5. Tmachaveli (Posts: 425; Member since: 01 Apr 2011)
I love when isheep come on here and give everybody a thumbs down like we don't know you use a idumbassphone lol
7. Droid_X_Doug (Posts: 5859; Member since: 22 Dec 2010)
@taco - why do you think HTC will get 'smoked'? The transferred patents seem to pose problems for Apple. Are you a master patent litigator?
9. taco50 (banned) (Posts: 5506; Member since: 08 Oct 2009)
Read the article. It sounds like HTC didn't even think this through. Seems like a desperation move on HTC's part.
10. jroc74 (Posts: 4936; Member since: 30 Dec 2010)
Because...if someone says something that fits their argument or belief...its right.
Florian Mueller, the guy that writes that blog...has been called out a few times...but one I know about is the one where he found info saying Google will be favoring Motorola phones. Something about lead devices...
Him, not knowing enough about Android...Google names Nexus devices lead devices. The Xoom was a lead device. Some could say the Droid 1 was too. Its probably devices the they use to debut a new OS.
Oh....and how he was pissed about the Apple/Samsung case where 9/10 patents were thrown out....lol But...what he blogs about fits into many a iFan's beliefs. So it all makes sense to them.
One article someone else wrote said how Motorola's patents are worthless. It was a guy in a clip in the article he interviewed, some CEO, lawyer or something. He said in the clip if you have thousands of patents...he's not gonna read them all.
So...my post went something like: if he's not gonna read them all, how the hell does he know whats worthless or not? Didnt Moto just design their own LTE chip? That wasnt mentioned in the article or clip. I guess thats worthless too...Are ppl going by the patents from 1994 and calling them worthless?
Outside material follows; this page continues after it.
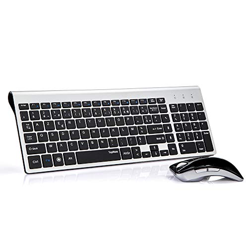 TopMate km9001 Set Tastiera e Mouse Senza Fili per PC e Computer Portatile (AZERTY) Noir Argenté
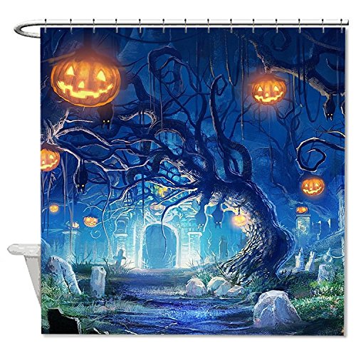 -. Title : HANHAOKI Halloween Mystery Night Landscape Polyester Shower Curtain Blue Color

You think Moto just stopped creating in 1994? And the patents are worthless because...he says so?
8. Tmachaveli (Posts: 425; Member since: 01 Apr 2011)
taco is just being taco you just cant help him no matter what
11. darth8ball (Posts: 519; Member since: 02 Aug 2011)
It sounds to me like Google is trying to use their newly acquired patents to help the makers of devices that use Android against the EVIL EMPIRE. Which makes a claim to those of us who thought that buying MotoMobile would benefit other makers like HTC, LG, SAMSUNG etc.
My intrest is if after the suit is finished wil Google aquire the patents back from HTC. Which would make a us against Apple scenerio very clear.
13. jcoberg10 (Posts: 110; Member since: 30 Oct 2009)
htc and googleare partnrs there for they defend each other its not like when apple and rim and others got together for no other reason than toover bid on patents
12. gallitoking (Posts: 4690; Member since: 17 May 2011)
HTC should concentrate on putting a good phone on the market other then the EVO series, push the Vigor and let Google daddy do the dirty work...
14. 530gemini (Posts: 2198; Member since: 09 Sep 2010)
And of course, android fanboys already think that htc won, lol. And when the court dismisses the case, android fanboys pretend that they never posted any victory posts and then call the judge an isheep, lol.